At a divergent plate boundary - or "spreading center" - asthenospheric mantle rises in a long linear belt along the plate boundary. In contrast, a hotspot is a point source of upwelling mantle, much like a fountain. Well known, presently active hotspots include Hawaii, Yellowstone, and Iceland. There are many other, less familiar hotspots, however, like the Marquesas and Austral hotspots in the Pacific. In all, there are 41 hotspots active today. Like the rising arms of convection cells, hotspot mantle decompresses as it ascends - undergoing partial melting and yielding basaltic magma to the surface.

If we examine Hawaii, as a typical hotspot, we see that a long chain of islands and seamounts (submerged oceanic peaks) trails off from the "Big Island" to the northwest, bending to a more northerly trend at Yuryaku seamount. Only the island of Hawaii is presently volcanically active; all the other islands are inactive. Each island was built from basaltic volcanism derived from the hotspot plume. The chain-like array of these islands results from the motion of the Pacific plate over the hotspot's point source of upwelling mantle; the plate motion carries each newly built island away from the hotspot over time. Hotspot island chains, therefore, preserve a record of the motion of the plate on which they are built.


Look at the map below of the Hawaii Island-Emperor Seamount chain, the Line and Marquesas Islands chain, and the Marshall and Austral Islands chain in the Pacific. All three are presently active hotspot chains, and have been active for at least 60 Ma, based on the age of basalt flows in the island chains.

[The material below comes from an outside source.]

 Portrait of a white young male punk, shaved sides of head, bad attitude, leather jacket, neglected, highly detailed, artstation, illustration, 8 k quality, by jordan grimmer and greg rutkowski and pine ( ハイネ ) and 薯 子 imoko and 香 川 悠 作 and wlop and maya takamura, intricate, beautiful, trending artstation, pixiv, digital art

Notice that all three chains trace out parallel tracks.

1) What can we hypothesize about the motion of these hotspots relative to each other?

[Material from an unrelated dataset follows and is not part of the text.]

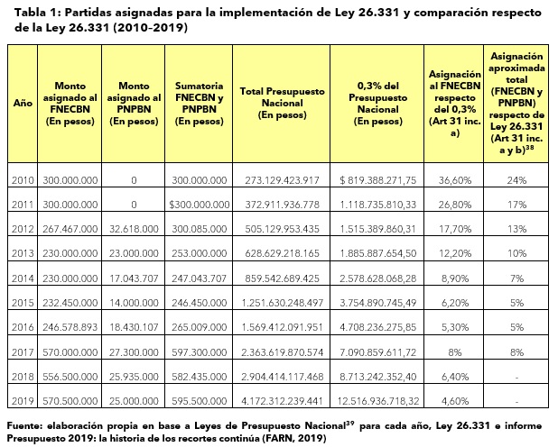 El Artículo 31 inciso a) de la Ley 26.331, sancionada por el propio Congreso, dispone que el 0,3% del presupuesto nacional debe ser asignado al Fondo Nacional para el Enriquecimiento y la Conservación de los Bosques Nativos (FNECBN). Como se muestra en la Tabla 1, nunca se asignó ni la mitad de ese 0,3% desde la reglamentación de la Ley en 2009. De hecho, esos porcentajes fueron cayendo estrepitosamente, alcanzando un 4,6% en 2019.

2) What can we infer from this about the rigidity of the Pacific plate?





Evidence like that of the Marquesas, Austral, and Hawaiian hotspots demonstrates that hotspots stay fixed relative to each other for long periods of geologic time. This provides a frame of reference within which to analyze the motion of plates. In this exercise, you will use the Hawaiian hotspot to examine the motion of the Pacific plate over the time span during which that hotspot has been active.

Examine the following table. It shows the age of basaltic volcanism on each island in the Hawaiian-Emperor chain, the distance of the island from the active hotspot measured along the chain, and the elevation of the island or seamount above or below sea level, respectively.

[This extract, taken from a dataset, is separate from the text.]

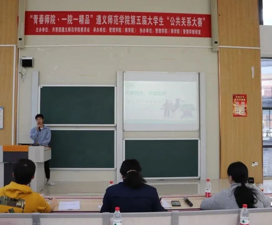 为助力乡村振兴,传承红色文化,打造专属品牌,展现新时代大学生的综合素质。2022年11月11日15:00,由校团委主办,管理学院(商学院)承办的“青春师院·一院一精品”第五届大学生公共关系大赛决赛在执治楼112报告厅隆重举行。

  Age (Ma) Distance from Hawaii
Hawaii 0 0
Maui 0.8 221
Lanai 1.3 226
Molokai 1.8 270
Oahu 2.6  
Niihoa 4.9 565
Kauai 5.1 519
Nihoa   780
Necker 10.3 1058
French Frigate shoal 12 1209
Laysan 19.9  
Pearl reef 20.6 2281
Midway 27.2 2432
Daikokuji 42.2 3493
Yuryaku 43.4 3520
Kimmel   3668
Koko 48.1 3758
Ojin 55.2 4102
Jingu 55.4 4175
Nintoku 56.2 4452
Sulko 59.6 4860

3) How long has the Hawaiian-Emperor hot spot been active?


Now, graph the distance of each island or seamount from Hawaii (vertical axis) versus the age of the island (horizontal axis). You can do this with a computer spreadsheet program if you wish. This is a distance/time graph and so the slope of any line on this graph represents velocity.

4) This graph represents the velocity of what?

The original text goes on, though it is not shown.